Suppose the number of radioactive nuclei at time zero is ${\text{N}}_{\text{0}}$ and at a time t is ${\text{N}}_{\text{t}}$,

$ln\frac{N_t}{N_0}=-kt$

• Half-life of radioactive decay is the time required for a radioactive sample to decay to one half of the atomic nucleus.

  Half-life of the radiation,  $t_{1/2}=\frac{0.693}{k}$

  Half-life and rate constant for radioactive isotopes vary greatly from nucleus to nucleus.

To determine: The value of k

Answer to Problem 20.69QP

• Because of both Ca and Sr belongs to group 2A, radioactive strontium that has been ingested into the human body becomes concentrated in bones and can damage blood cell production
• $Radioactivityinmillicuries(mCi)=2.12\times 10^{3}mCi$

Explanation of Solution

Explanation

Half-life of radioactive decay is the time required for a radioactive sample to decay to one half of the atomic nucleus. From the half-life of the reaction, the value of k can be easily determined.

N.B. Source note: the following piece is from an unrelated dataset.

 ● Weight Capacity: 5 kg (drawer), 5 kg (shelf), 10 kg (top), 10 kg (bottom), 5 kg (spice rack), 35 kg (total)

                             $\begin{array}{l}{\text{t}}_{\text{1/2}}\text{=}\frac{\text{0}\text{.693}}{\text{k}}\\ \text{k}\text{=}\frac{\text{0}\text{.693}}{{\text{t}}_{\text{1/2}}}\end{array}$

Here the half lie of strontium 90 is 29.1years.

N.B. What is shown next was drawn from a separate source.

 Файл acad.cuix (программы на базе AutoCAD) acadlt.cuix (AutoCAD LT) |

So, the value of k in ${\text{s}}^{\text{-1}}$,

$\begin{array}{l}\text{k}\text{=}\left(\frac{\text{0}\text{.693}}{\text{29}\text{.1 years}}\text{×}\frac{\text{1}\text{yr}}{\text{365}\text{d}}\text{×}\frac{\text{1}\text{d}}{\text{24}\text{h}}\text{×}\frac{\text{1}\text{h}}{\text{3600s}}\right)\\ \text{=}\text{7}\text{.55}\text{×}{\text{10}}^{\text{-10}}{\text{s}}^{\text{-1}}\end{array}$

To determine: radioactivity in millicuries of 15.6 mg of ${}^{\text{90}}\text{Sr}$

$\text{Radioactivity in millicuries (mCi)}\text{=}\text{2}\text{.12}{\text{× 10}}^{\text{3}}\text{mCi}$

Radioactive decay is in the first order kinetics. Rate of radioactive decay at a time t is,

$\begin{array}{l}Rateofdecayatatime\text{R = k N}\\ \text{k-}\text{First}\text{order}\text{rate}{\text{constant and its unit is t}}^{-1}\\ \text{N-}\text{number}\text{of}\text{radioactive}\text{nuclei}\text{present}\text{at}\text{time}\text{'t}\end{array}$

The value of N can be determined as follows, given mass of ${}^{\text{90}}\text{Sr}$ is 15.6 mg

$\text{15}\text{.6}\text{mg}\text{=}\frac{\text{15}\text{.6}}{\text{1000}}\text{=}\text{0}\text{.0156}$ g

So, $\begin{array}{l}\text{N=}\left(\text{0}\text{.0156}\text{g}{}^{\text{90}}\text{Sr}\text{×}\frac{\text{1}\text{mol}}{\text{90}\text{g}{}^{\text{90}}\text{Sr}}\text{×}\frac{\text{6}{\text{.022×10}}^{\text{23}}\text{atom}}{\text{1}\text{mol}}\right)\\ \text{=}\text{1}\text{.04}{\text{×10}}^{\text{20}}\text{atoms}\end{array}$

From the value of k and N, R can be calculated as follows;

Here in the case of ${}^{\text{90}}\text{Sr}$, $\text{k=}\text{7}\text{.55×}{\text{10}}^{\text{-10}}{\text{s}}^{\text{-1}}$ and $\text{N=}\text{1}\text{.04}\text{×}{\text{10}}^{\text{20}}\text{atoms}$

$\begin{array}{l}\text{R = k}\text{N}\\ \text{=}\text{7}\text{.55×}{\text{10}}^{\text{-10}}{\text{s}}^{\text{-1}}\text{×}\text{1}\text{.04}\text{×}{\text{10}}^{\text{20}}\text{atoms}\\ \text{=}\text{7}\text{.85}\text{×}{\text{10}}^{\text{10}}\text{atoms/second}\text{=}\text{7}\text{.85}{\text{×10}}^{\text{10}}\text{disintegration/s}\end{array}$

$\begin{array}{l}\text{A}\text{curie}\text{is}\text{defined}\text{as}\text{3}\text{.70}\text{×}{\text{10}}^{\text{10}}\text{disintegrations}\text{persecond}\\ \text{So,theactivity}\text{in}\text{curies}\text{is:}\\ \text{Radioactivity}\text{in}\text{millicuries}\text{(mCi)}\text{=}\text{(7}\text{.85}{\text{×10}}^{\text{10}}\text{disintegration/s)}\left(\frac{\text{1}\text{Ci}}{\text{3}\text{.70}\text{×}{\text{10}}^{\text{10}}\text{disintegrations}\text{/second}}\right)\\ \text{=}\text{2}\text{.12}\text{Ci}\text{=}\text{2}\text{.12}{\text{×10}}^{\text{3}}\text{m}\text{C}\text{i}\end{array}$

Conclusion

It is calculated the radioactivity in millicuries of 15.6 mg of ${}^{\text{90}}\text{Sr}$ and it is  explained the reason for the dangerous behavior of this isotope.